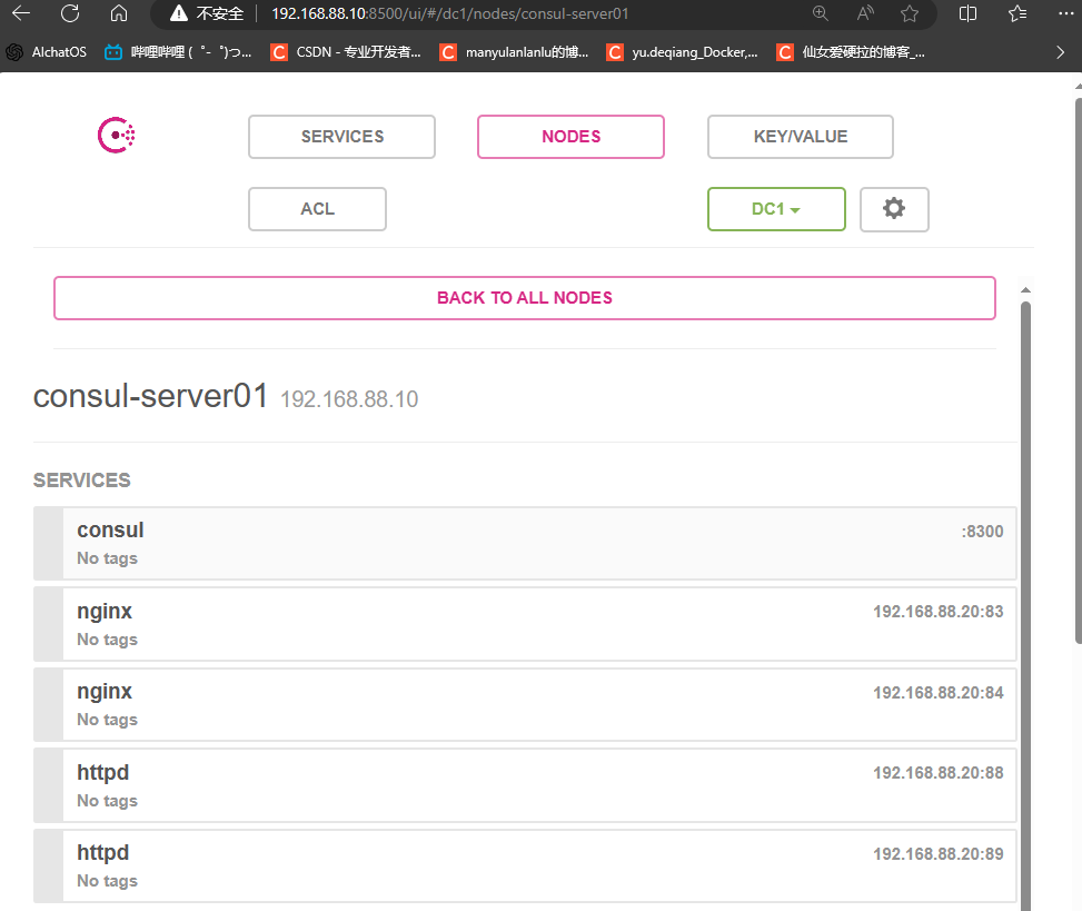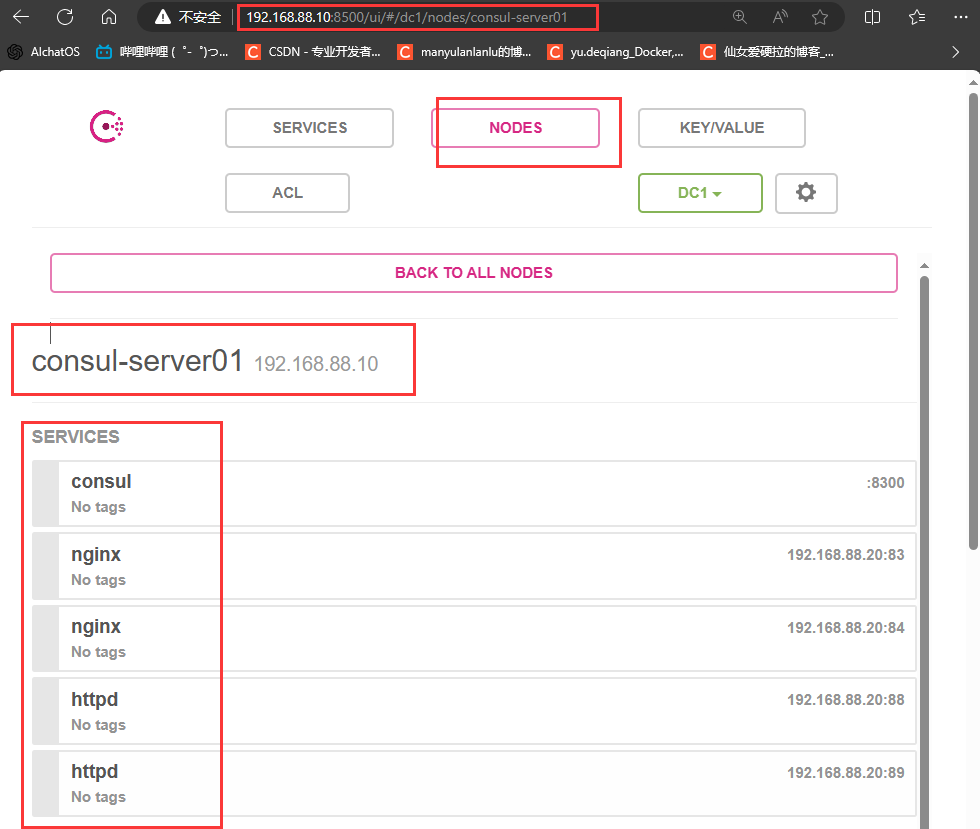 浏览器中,输入 http://192.168.88.10:8500,在 Web 页面中“单击 NODES”,然后单击“consurl-server01”,会出现 5 个服务。
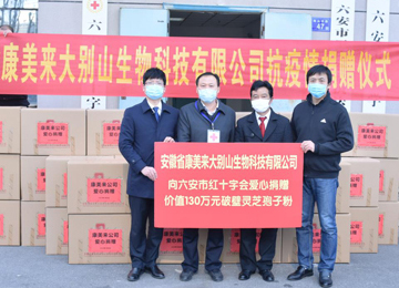 康美來向六安市紅十字會愛心捐贈破壁靈芝孢子粉130
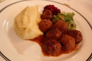 Para el entrante, pedí el plato que Aoife pidió para su plato principal – albóndigas suecas con puré de patatas, pepino al escabeche y arándanos rojos. Fue un plato bastante bien, pero nada fenomenal aunque los sabores de los cuatro ingredientes se cumplementaron el uno al otro.
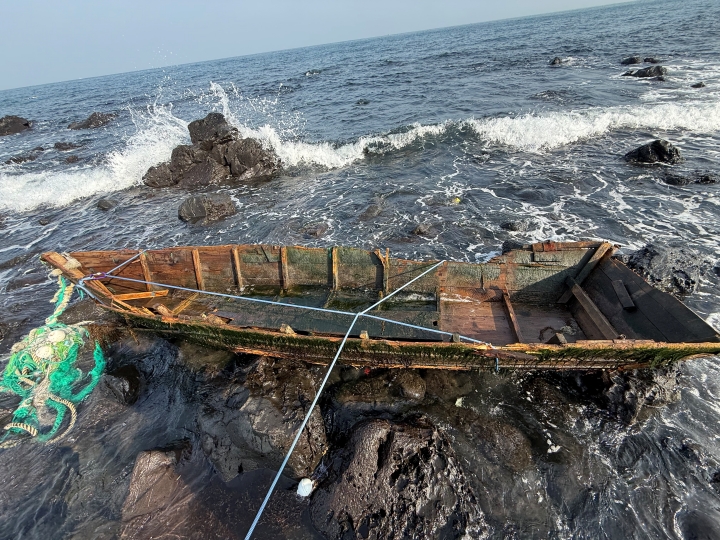 29일 오전 9시 30분쯤 제주시 애월읍의 한 해안가에서 의문의 목선이 발견됐다. 제주해양경찰서 제공
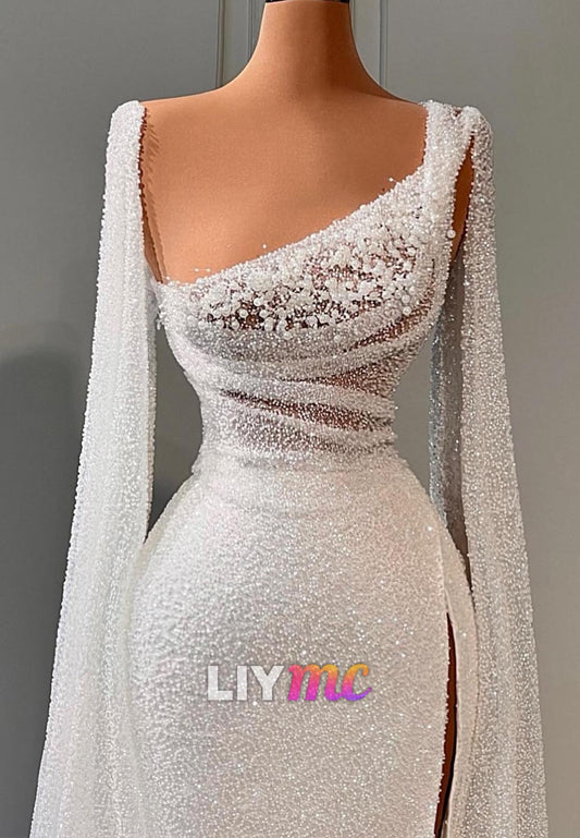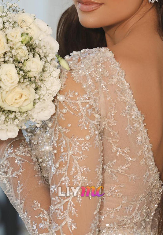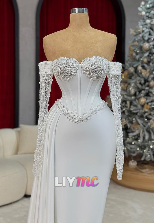 Sweetheart Long Sleeves Pearl Mermaid Wedding Dress
● ● ● ● ● ● ●
## Exercise instructions
Could the entries above be written out word for word, with no pictures?

## Solution to the exercise
 浏览器中,输入 http://192.168.88.10:8500,在 Web 页面中“单击 NODES”,然后单击“consurl-server01”,会出现 5 个服务。
 康美來向六安市紅十字會愛心捐贈破壁靈芝孢子粉130
 Para el entrante, pedí el plato que Aoife pidió para su plato principal – albóndigas suecas con puré de patatas, pepino al escabeche y arándanos rojos. Fue un plato bastante bien, pero nada fenomenal aunque los sabores de los cuatro ingredientes se cumplementaron el uno al otro.
 29일 오전 9시 30분쯤 제주시 애월읍의 한 해안가에서 의문의 목선이 발견됐다. 제주해양경찰서 제공
 Sweetheart Long Sleeves Pearl Mermaid Wedding Dress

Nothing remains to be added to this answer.